Print the lines below from the line with "- Consistência: As" to the line with "汪胜 通讯员 戴莹 摄" exactly, keeping both ends, and print no pictures.

Record extracts –
┌────────
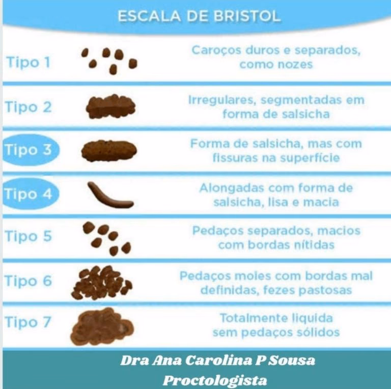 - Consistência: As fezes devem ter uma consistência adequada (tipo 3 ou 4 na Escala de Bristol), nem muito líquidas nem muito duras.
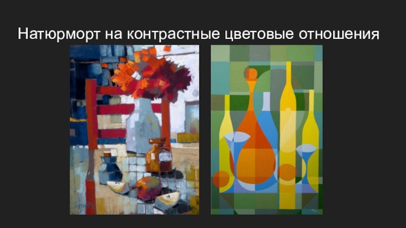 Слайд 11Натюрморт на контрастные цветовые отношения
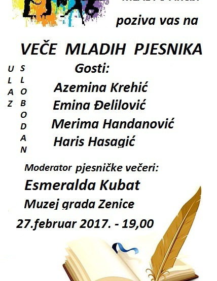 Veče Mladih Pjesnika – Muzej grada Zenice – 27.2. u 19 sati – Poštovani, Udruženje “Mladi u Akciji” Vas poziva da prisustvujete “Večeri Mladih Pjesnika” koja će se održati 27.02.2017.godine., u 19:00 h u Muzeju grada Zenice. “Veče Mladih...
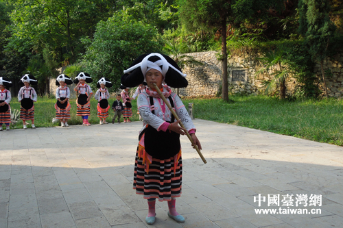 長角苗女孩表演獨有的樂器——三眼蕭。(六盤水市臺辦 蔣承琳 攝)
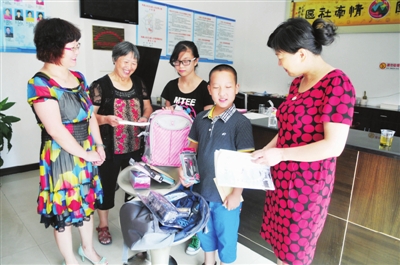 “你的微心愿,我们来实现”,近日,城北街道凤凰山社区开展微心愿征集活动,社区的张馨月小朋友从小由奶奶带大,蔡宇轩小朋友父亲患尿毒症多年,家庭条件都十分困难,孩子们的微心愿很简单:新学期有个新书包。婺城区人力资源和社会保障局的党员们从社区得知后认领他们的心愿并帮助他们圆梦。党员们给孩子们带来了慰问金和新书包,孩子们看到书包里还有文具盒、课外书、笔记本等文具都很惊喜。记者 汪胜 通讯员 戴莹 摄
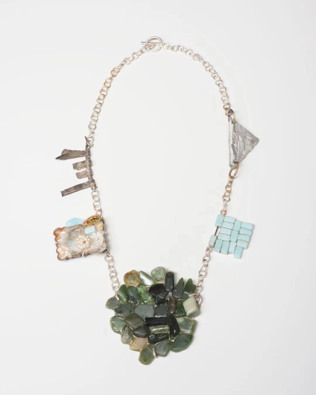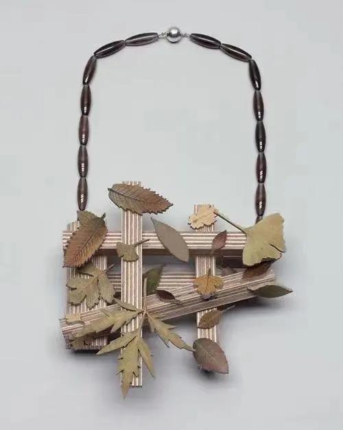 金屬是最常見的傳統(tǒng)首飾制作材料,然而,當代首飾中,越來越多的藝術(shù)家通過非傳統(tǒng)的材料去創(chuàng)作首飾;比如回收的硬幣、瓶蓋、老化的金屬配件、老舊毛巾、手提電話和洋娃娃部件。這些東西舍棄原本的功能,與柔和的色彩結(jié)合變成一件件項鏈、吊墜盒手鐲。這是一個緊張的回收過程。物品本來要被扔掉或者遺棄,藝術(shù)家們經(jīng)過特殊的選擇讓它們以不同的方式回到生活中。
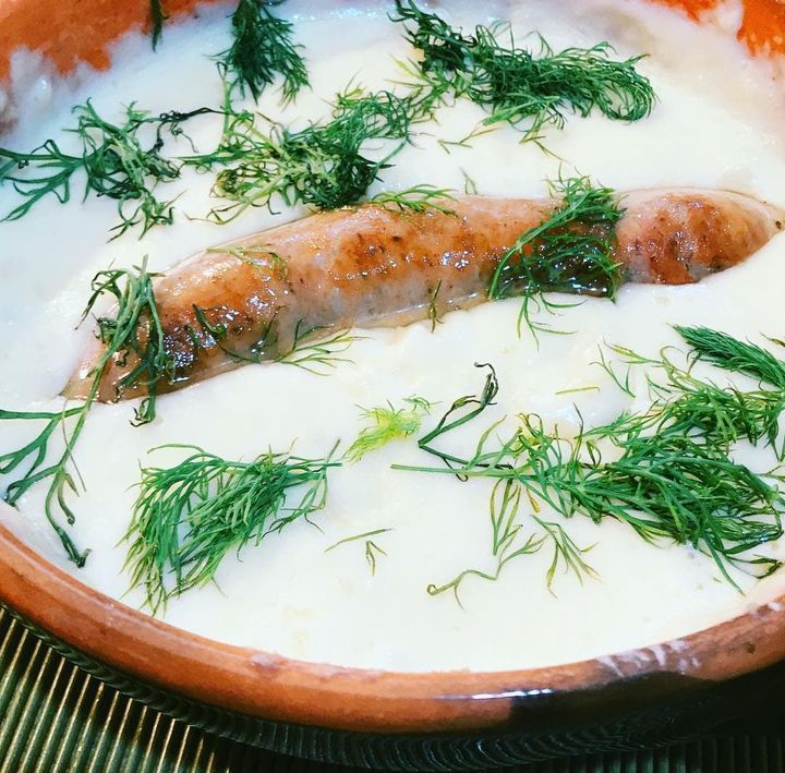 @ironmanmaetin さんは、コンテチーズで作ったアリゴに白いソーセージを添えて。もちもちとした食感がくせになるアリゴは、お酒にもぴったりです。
└────────
┌────────
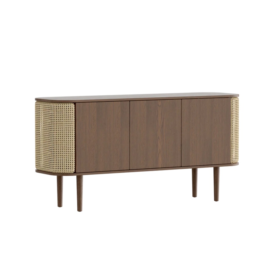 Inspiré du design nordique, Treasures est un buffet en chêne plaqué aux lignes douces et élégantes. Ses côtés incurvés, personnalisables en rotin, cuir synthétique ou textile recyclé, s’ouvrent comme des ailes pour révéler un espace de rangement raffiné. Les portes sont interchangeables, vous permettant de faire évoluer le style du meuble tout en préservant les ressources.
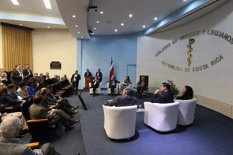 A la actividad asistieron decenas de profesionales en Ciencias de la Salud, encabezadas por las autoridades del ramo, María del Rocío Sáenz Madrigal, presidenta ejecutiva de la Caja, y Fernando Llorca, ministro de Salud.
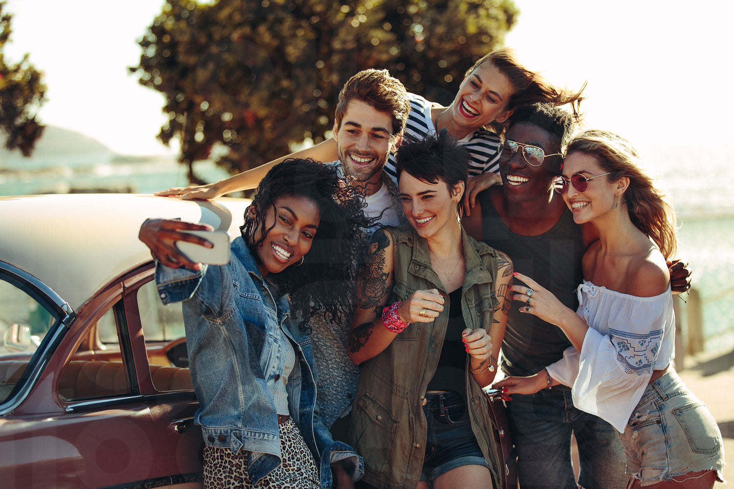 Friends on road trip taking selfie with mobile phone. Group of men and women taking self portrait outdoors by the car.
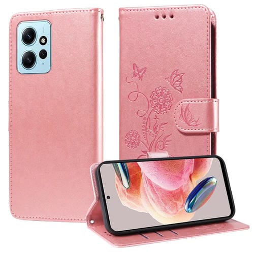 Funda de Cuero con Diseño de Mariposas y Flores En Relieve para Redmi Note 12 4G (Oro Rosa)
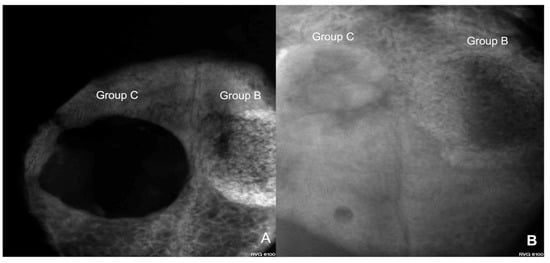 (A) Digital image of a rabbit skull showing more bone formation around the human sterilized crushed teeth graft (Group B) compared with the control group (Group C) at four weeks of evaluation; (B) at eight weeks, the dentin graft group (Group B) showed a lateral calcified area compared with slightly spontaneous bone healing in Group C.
└────────
Output of the exercise –
 - Consistência: As fezes devem ter uma consistência adequada (tipo 3 ou 4 na Escala de Bristol), nem muito líquidas nem muito duras.
 Слайд 11Натюрморт на контрастные цветовые отношения
 Veče Mladih Pjesnika – Muzej grada Zenice – 27.2. u 19 sati – Poštovani, Udruženje “Mladi u Akciji” Vas poziva da prisustvujete “Večeri Mladih Pjesnika” koja će se održati 27.02.2017.godine., u 19:00 h u Muzeju grada Zenice. “Veče Mladih...
 長角苗女孩表演獨有的樂器——三眼蕭。(六盤水市臺辦 蔣承琳 攝)
 “你的微心愿,我们来实现”,近日,城北街道凤凰山社区开展微心愿征集活动,社区的张馨月小朋友从小由奶奶带大,蔡宇轩小朋友父亲患尿毒症多年,家庭条件都十分困难,孩子们的微心愿很简单:新学期有个新书包。婺城区人力资源和社会保障局的党员们从社区得知后认领他们的心愿并帮助他们圆梦。党员们给孩子们带来了慰问金和新书包,孩子们看到书包里还有文具盒、课外书、笔记本等文具都很惊喜。记者 汪胜 通讯员 戴莹 摄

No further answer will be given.